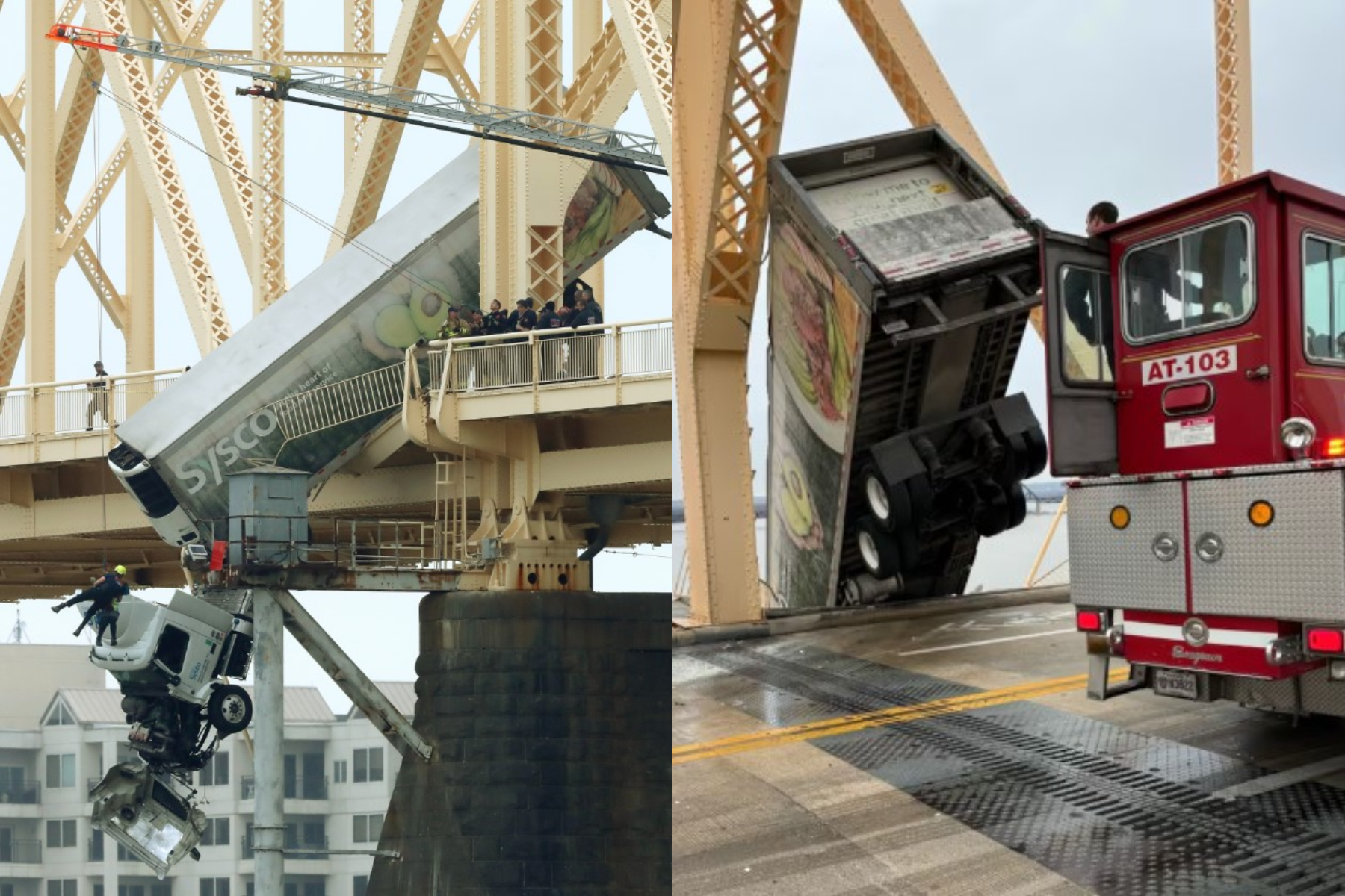 Σοκαριστικά πλάνα κατέγραψε κάμερα από το εσωτερικό νταλίκας λίγο πριν το τροχαίο στο οποίο ενεπλάκη και κατέληξε να κρέμεται από μια κλωστή στην πολυσύχναστη γέφυρα Clark Memorial Bridge στην πόλη Λούισβιλ της πολιτείας Κεντάκι των ΗΠΑ.
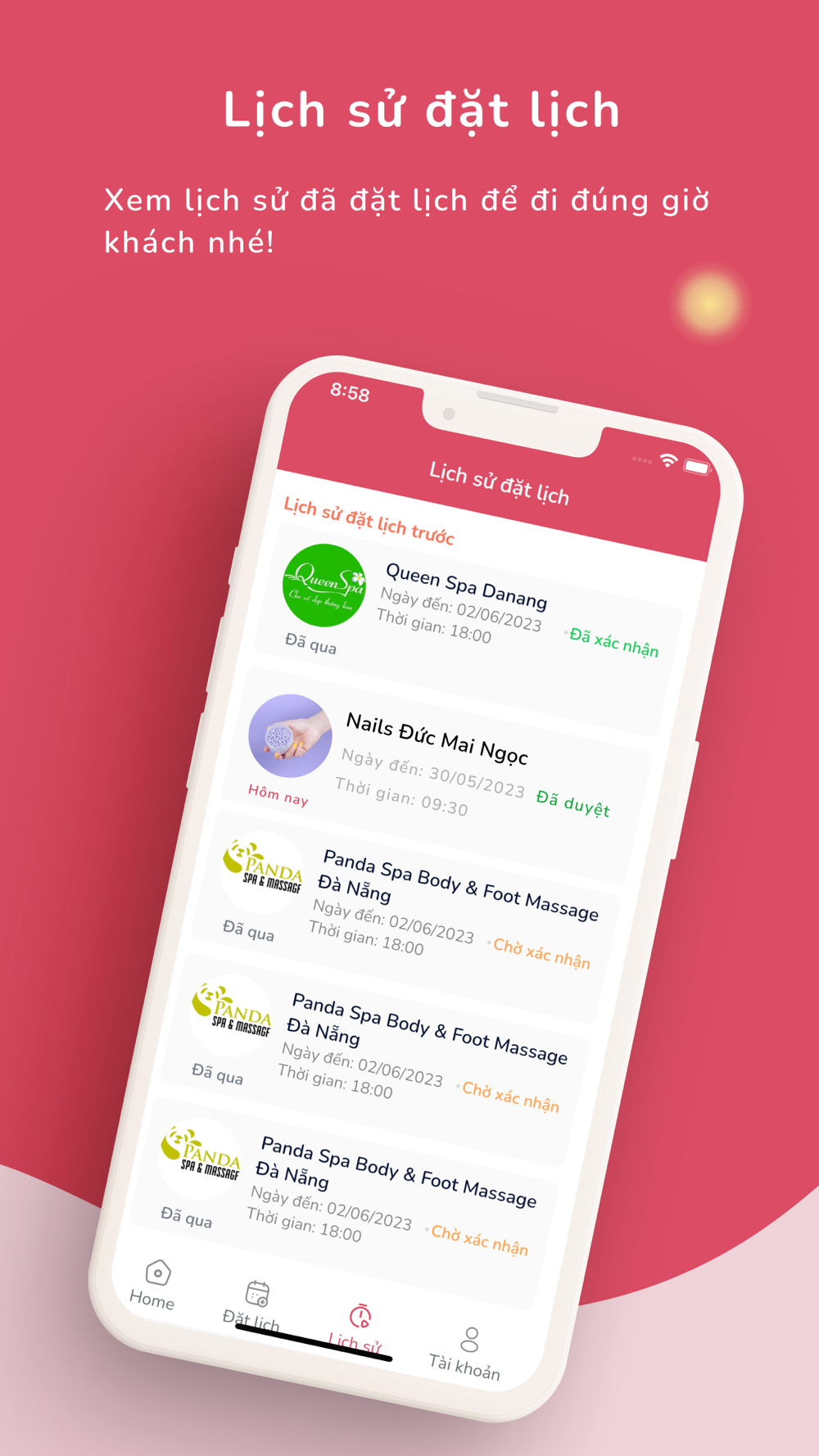 - Đặt và được xác nhận lịch hẹn nhanh chóng, tiện lợi.
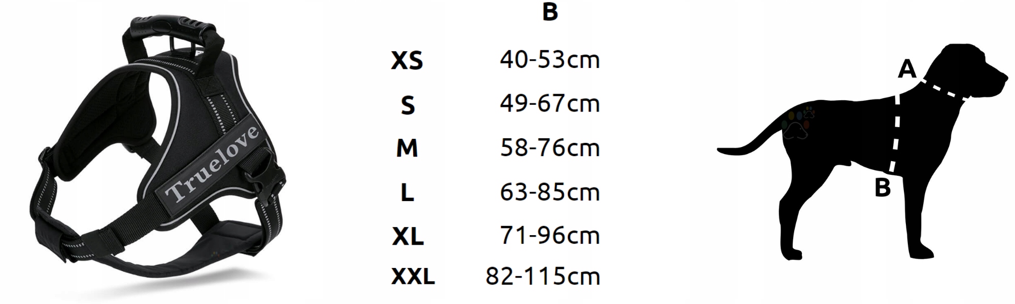 ČRNA Strong TRUELOVE XS zaščitna pasja oprsnica Celoten opis
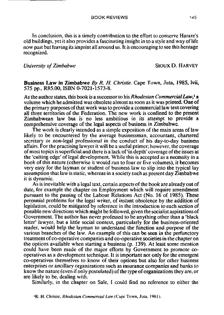 Review of: R.H. Christie. Business law in Zimbabwe. Cape Town: Juta, 185
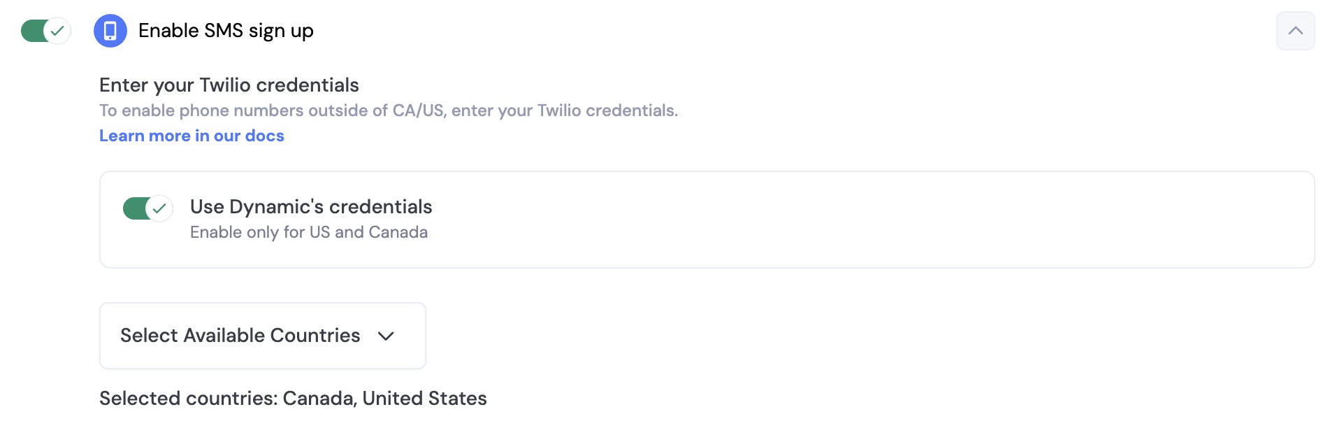 Toggle on “Phone Number” in the Log in & User Profile section of the dashboard.SMS Configuration
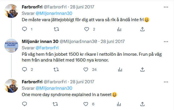 Det blev alltså ungefär 13 års heltidsarbete för min del. Och jämfört med den "normala" längden på ett yrkesliv på 40-45 år så är det så klart lite konstigt att sitta och fundera på om 13 år var onödigt mycket. Men hela grejen med FIRE är ju att gå utanför vad som anses vara det normala och vända och vrida på varje sten.
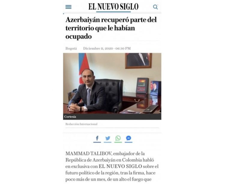 Kolumbiyanın nüfuzlu KİV-lərindən olan “El Nuevo Siglo” qəzetində Ermənistanın ölkəmizə qarşı təcavüzünün tarixi, son hərbi qarşıdurmalar, ordumuzun apardığı uğurlu əməliyyatlar və noyabrın 10-da imzalanmış atəşkəs bəyanatı haqda bu ölkədəki səfirimiz Məmməd Talıbovun müsahibəsi dərc olunub.
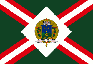 A freen field with a white saltire bordered red, and the municipal arms on a white square centred and rotated on to point.
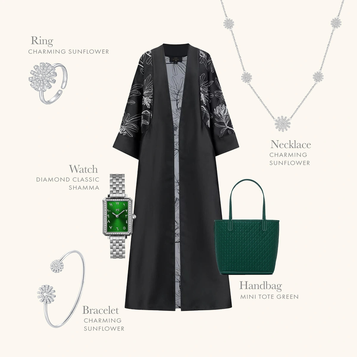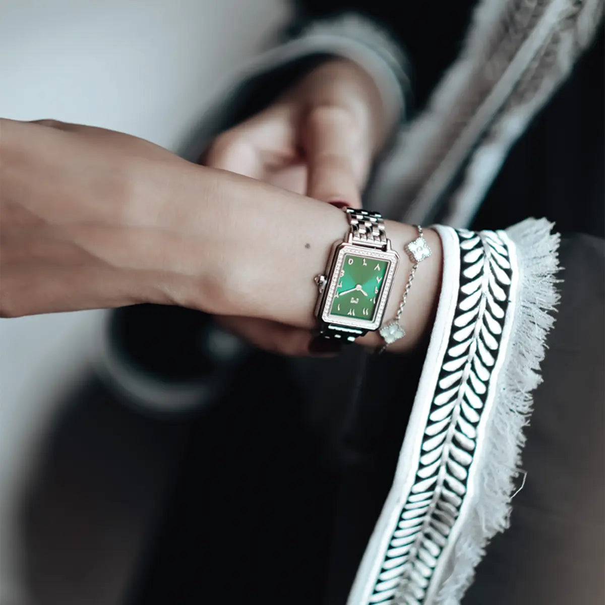 تتميز مجموعة دايموند كلاسيك بميناء مرصع بالكريستال وأرقام عربية، مع تصميم مستوحى من البراجيل الإماراتية الأصيلة ممزوج بلمسات عصرية متألقة، لتمنحك أناقة خالدة وراحة مثالية طوال اليوم.

= Activity =
Out of the records above, set down only the lines from the one that contains "Review of: R.H." through the one that contains "the dashboard.SMS Configuration", unchanged and without the pictures.

= Exercise result =
 Review of: R.H. Christie. Business law in Zimbabwe. Cape Town: Juta, 185
 Toggle on “Phone Number” in the Log in & User Profile section of the dashboard.SMS Configuration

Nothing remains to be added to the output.